Hanging in Mexico City. Drinking Clamato Sol. It's my first one.

What's your best Mexico City moment, so far?

Definitely getting moles with you and Chuck.

What's mole?

It's like a dark chocolate sauce that they put over these like fajitas, and it's really gnarly. It's pretty good.

You've been eating meat these days. Last time we spoke, you were vegan.

Yup.

And you had been vegan your whole life, right?

No. I'd been vegetarian since like 13 or 14, then vegan for around a year, when I was like 19 or 20.

And now you decided to eat meat.

Yeah. I don't like seek it out, but it's just way more convenient, and I just like stopped caring, I guess. Sometimes you just need a meal with good protein, and there you go.

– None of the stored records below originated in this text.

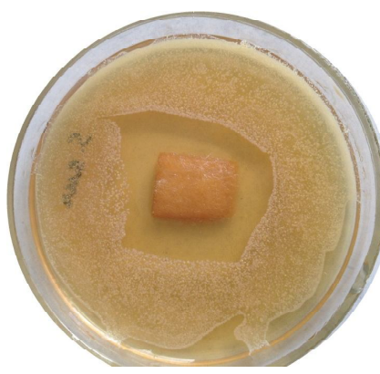
Рис. 4. Зони затримки росту S.aureus ATCC 6538 під дією хлорвмісного матеріалу модифікованим методом агарових пластин.
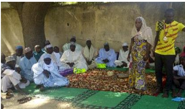
une séance de dialogue de génération à Blangoua

Les activités de communication ont contribué à une réelle adhésion et participation des populations au projet. Les séances de dialogue intergénérationnel et communautaire ont amené les jeunes et les plus âgés à apprendre les uns des autres, à mieux se comprendre et à dialoguer. Les communautés ont pris conscience de l'impérieuse nécessité de construire et de consolider ensemble la paix.
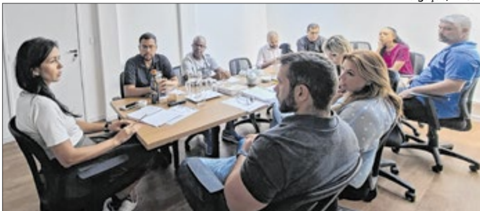
Iniciativa reforça o compromisso com a modernização das políticas ambientais

A iniciativa reforça o compromisso da gestão municipal com a modernização das políticas públicas ambientais, promovendo a revisão do plano de forma técnica, colaborativa e alinhada às demandas atuais da cidade, com foco na melhoria da gestão de resíduos.
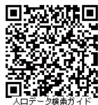
人口データ検索ガイド

東京都の人口データを中心に、調べたいデータを参照（リンク）できる便利な検索機能を掲載しています。
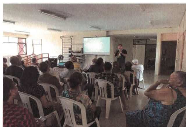
CISF: Palestra Novembro Azul.
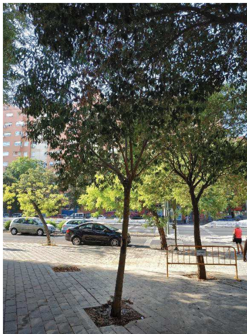
Imágenes del ejemplar con id 123404
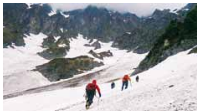
カクネ里雪溪への到達には高度な技術と体力が求められる

門員で、信州大学の小坂共栄 特任教授が就任しました。調 査は、平成26～28年度の3年 間にわたって行い、研究論文 (※1)が、日本地理学会の『地 理学評論』1月1日号に掲載 され、氷河であることが公式 に認められました。
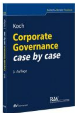
Corporate Governance case by case Ladenpreis: 29,90EUR
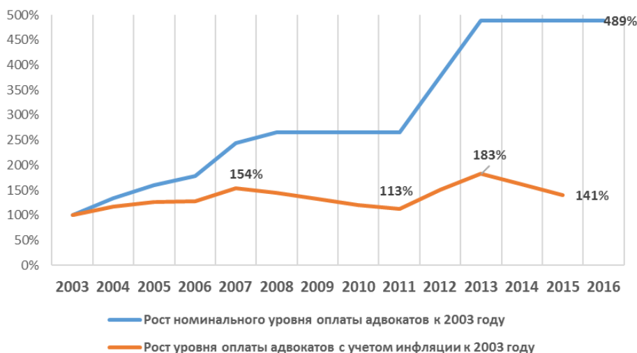
Рис. 2. Изменение номинального и реального уровня оплаты труда адвоката по назначению в сравнении с 2003 г.

ФПА, очевидно, понимает возникшую проблему, поэтому в апреле 2016 г. направила официальное письмо в Правительство РФ с просьбой существенно повысить уровень оплаты адвокатов по назначению 13 до 3000 руб. в день или 700 руб. в час, мотивируя это тем, что вознаграждение мировых судей и прокуроров значительно превышает уровень оплаты адвокатов. Таким образом, сообщество адвокатов требует поднять уровень оплаты труда адвоката не менее чем в 5 раз. В данной ситуации явно имеет место элемент «торга», поскольку даже сами адвокаты, по данным исследования [Казун, Ходжаева, Яковлев, 2015], называли медианную цифру оптимального уровня оплаты в 2000 руб. в день или 550 руб. в час. Запрошенная сумма также превышает тот уровень вознаграждения, который адвокаты получали бы в случае, если бы привязка к МРОТ сохранилась.
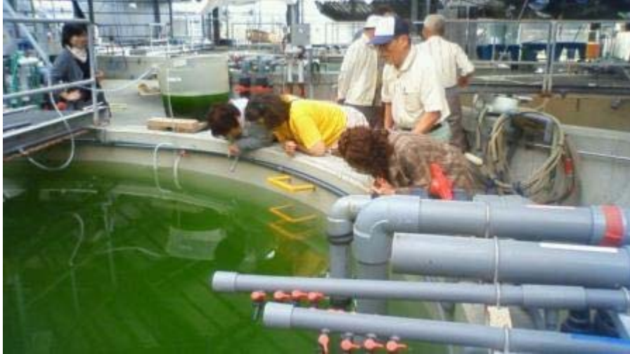
ヤイトハタの種苗生産水槽で。 ふ化後4日目のミーバイの赤ちゃんです。 「見えない……???. アツ、いた!いた!」
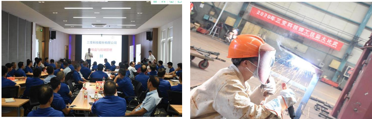
图 3.2-1 各类培训活动

公司每年针对实际和市场形势，识别各部门的培训需求，制定员工培训规划和年度计划，开展职工教育培训，包括质量意识、质量知识、管理制度、专业知识等培训内容。公司每年制定并下发了《年度培训计划》等，对质量诚信教育进行了安排布置。
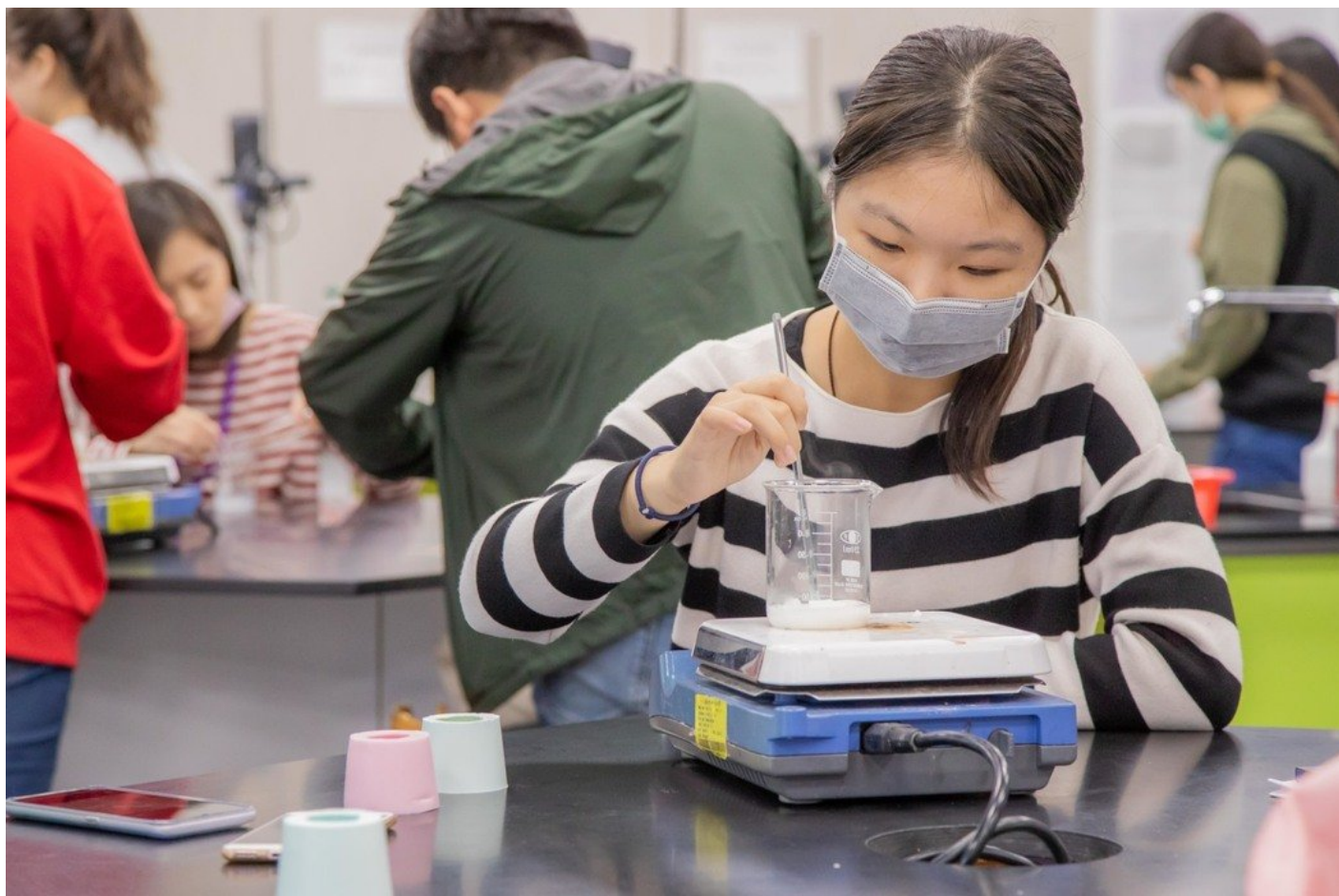
學員專心進行皂化的步驟。
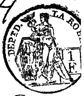
TABLE ALPHABÉTIQUE des Actes des mariages de la mairie de Valenciennes pour l'an 1811. dressée en exécution du décret impérial du 20 juillet 1807.

par-devant nous, officier de gé de ans, et attendu que les affichés; qu'aucune après avoir donné naissance des par- tri et pour femme; que unis par le mariage. agé ession d ou ession d ou ession d ou près qu'il leur en a
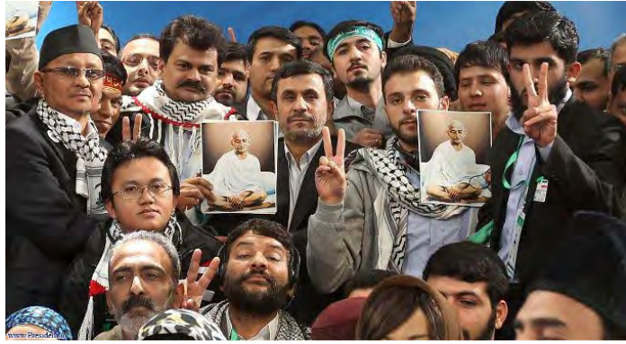
פעילי השיירה האסיאתית בצילום משותף עם נשיא איראן תוך שימוש בדמות של גנדי (19 במרץ 2012 http://proisraelbaybloggers.blogspot.com )

■ עוד אמר נשיא איראן בפגישה עמם, כי "פלסטין הכבושה היא בעיה היסטורית וקיומו של המשטר הציוני הוא עלבון לחירות, לצדק ולכל המדינות העצמאיות" הוא האשים את מדינות המערב בסובלנות כלפי שאלת קיומה של ישראל ואמר, כי אירופה וארה"ב מוציאות מיליארדי דולרים בכל שנה לטובת המשטר הציוני ( shitenews.com , 19 במרץ 2012).
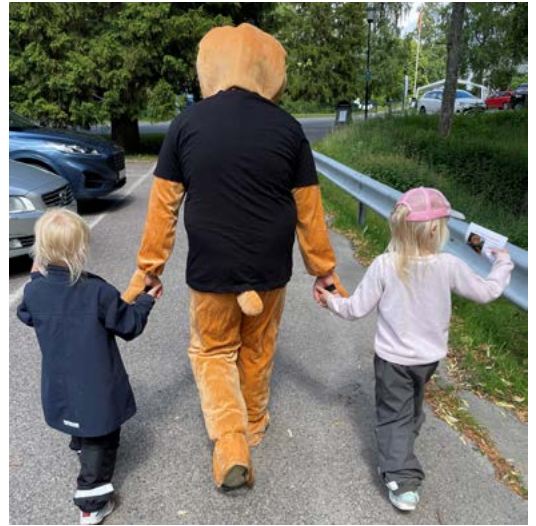
Nalle präst på väg till sångstund i Vägkyrkan.
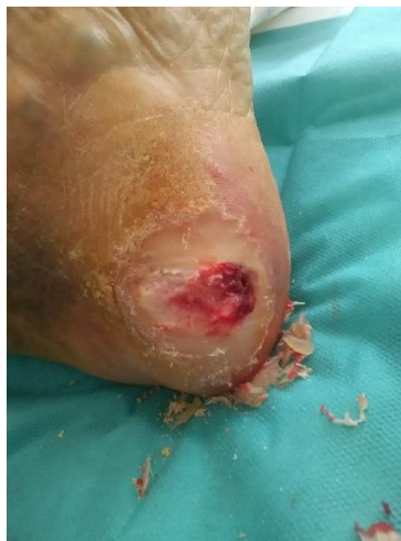
Figura 5. Aspecto de la lesión tras deslaminación exhaustiva.

En un primer lugar, tras una primera valoración se decide deslaminar la lesión (Figura 5).
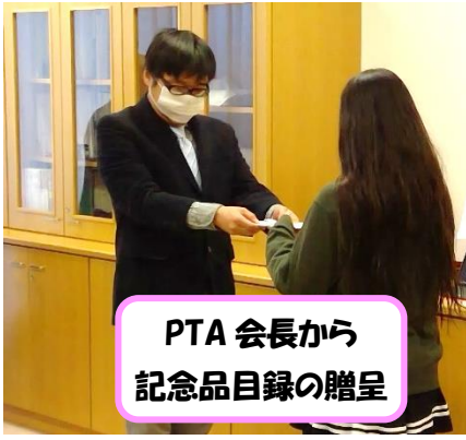
PTA 会長から 記念品目録の贈呈
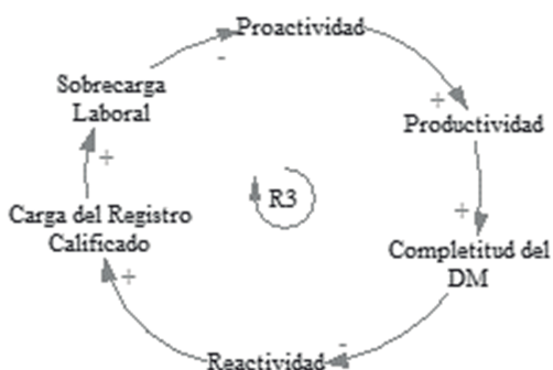
Figura 3. Ciclo de balance entre proactividad, sobrecarga laboral y carga registro calificado.

En la figura 3 se observa el ciclo de refuerzo de la proactividad R3, que describe la relación de la completitud del documento maestro y la influencia de variables de reactividad y proactividad de los actores. Este muestra cómo la proactividad afecta la completitud del documento a la vez que ejerce una reactividad por parte de los actores e induce a una sobrecarga laboral.
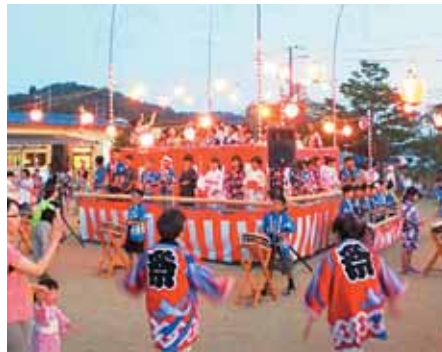
西住小学校「西住子供おはやし」
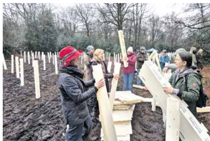
Mit biologisch abbaubaren Wuchshüllen werden die Setzlinge vor Witterung und Wild geschützt.

Schon im letzten Jahr hatten die Wirtschaftsjunioren Wuppertal (WJW), die Initiative Talbuddeln aus dem Verein Zukunft und Natur e.V. sowie das Forstamt im Ronsdorfer Talsperrenwald 1.100 Bäume gepflanzt. Am Samstag
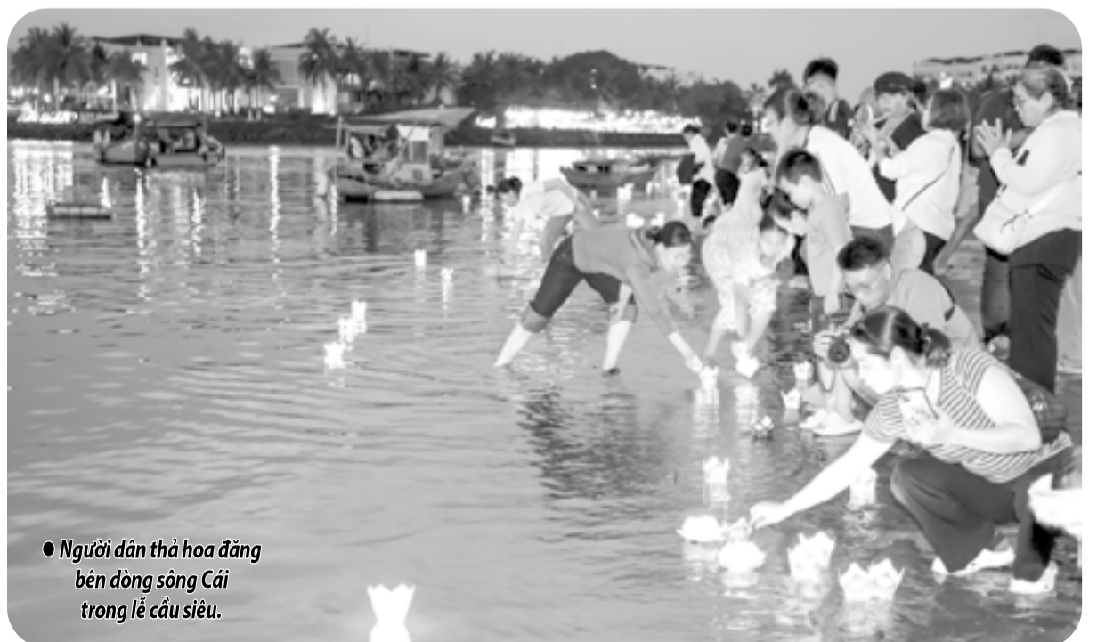
● Người dân thả hoa đăng bên dòng sông Cái trong lễ cầu siêu.
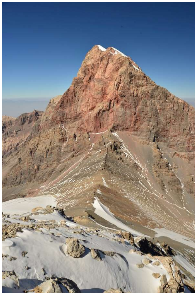
Рисунок 65 - Перевал и вершина Чимтарга с подъёма на Энергию
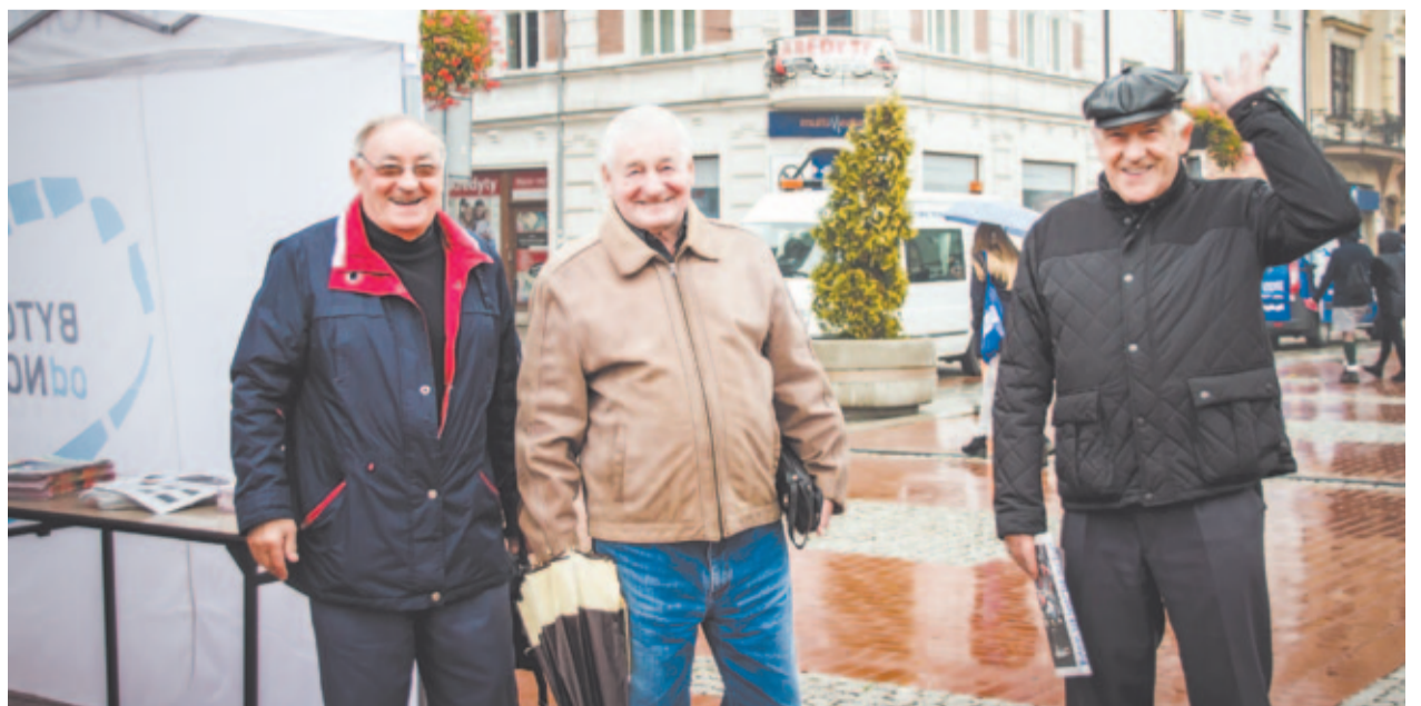
Konsultacje społeczne w Lotnych Punktach Informacji, październik 2016 r.

Sztandarowym projektem ukierunkowanym na pomoc dla seniorów (i nie tylko) będzie utworzenie Centrum Seniora i Centrum Przedsiębiorczości przy skrzyżowaniu ul. Wrocławskiej 6 i Batorego 2. Znajdzie się tam kompleks obejmujący: żłobek z ogrodem i ogródkiem edukacyjnym, klub seniora z siedzibą Uniwersytetu Trzeciego Wieku, Poradnia Zdrowia Psychicznego i Inkubator przedsiębiorczości z ukierunkowaniem na świadczenie usług dla osób starszych.
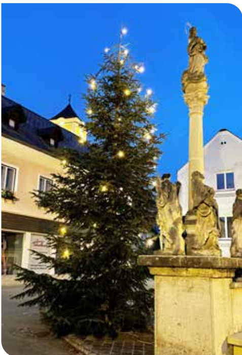
Christbaum am Hauptplatz

Die Marktgemeinde Kirchberg am Wechsel bedankt sich herzlich für die Christbaumspenden beim Erzbischöflichen Forstamt. Der Christbäume tragen zu einem schönen Ortsbild bei. An dieser Stelle möchten wir auch allen Gewerbebetrieben für ihre weihnachtliche Dekoration danken. Auch in vielen Privatgärten können beleuchtete Christbäume bewundert werden und stimmen auf Weihnachten ein.
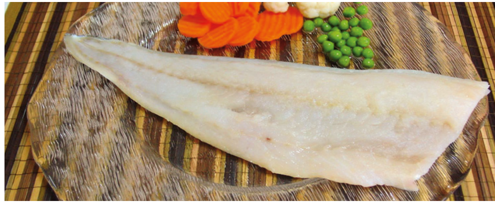
901002 · 1 cj / 11 Kg Filete Bacalao 1000+
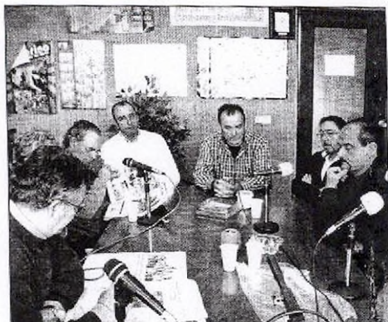
Participantes en la tertulia en la emisora municipal de Vitigudino.

El Premio Provincial de Turismo de La Salina tiene como fin reconocer el esfuerzo llevado a cabo por los municipios menores de 20.000 habitantes "en el ámbito de la recuperación, puesta en valor y promoción de los recursos turísticos provinciales". ■
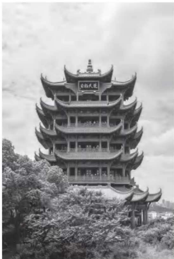
• 1-2 黄鹤楼背面
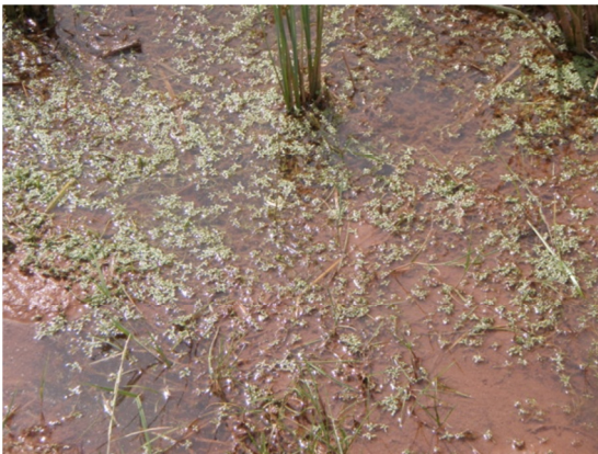
Callitriche sp. junto a Isoetes echinosporum
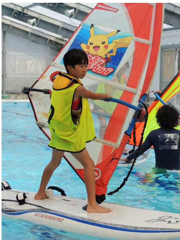
子供たちも真剣に頑張っています。一人で方向転換できるまでになりました。

You wanted to have more protein in your life.

Something like that.

Rice and beans just wasn't cutting it anymore.

I love rice and beans.

That’s gnar. Do you remember when that switch in your head went off, and you decided to become gnar? Do you know what I'm talking about?

No, not even.

I think I remember kind of like when it happened. I feel like it was when you got your girlfriend, and you started getting laid regularly. It's like your confidence on your board just went through the roof, I noticed it at Taz one day.

Yeah, yeah.

Does that sound crazy?

No, people have told me that. That might have something to do with it. I don't really know. It could.

You don't see any kind of correlation or ...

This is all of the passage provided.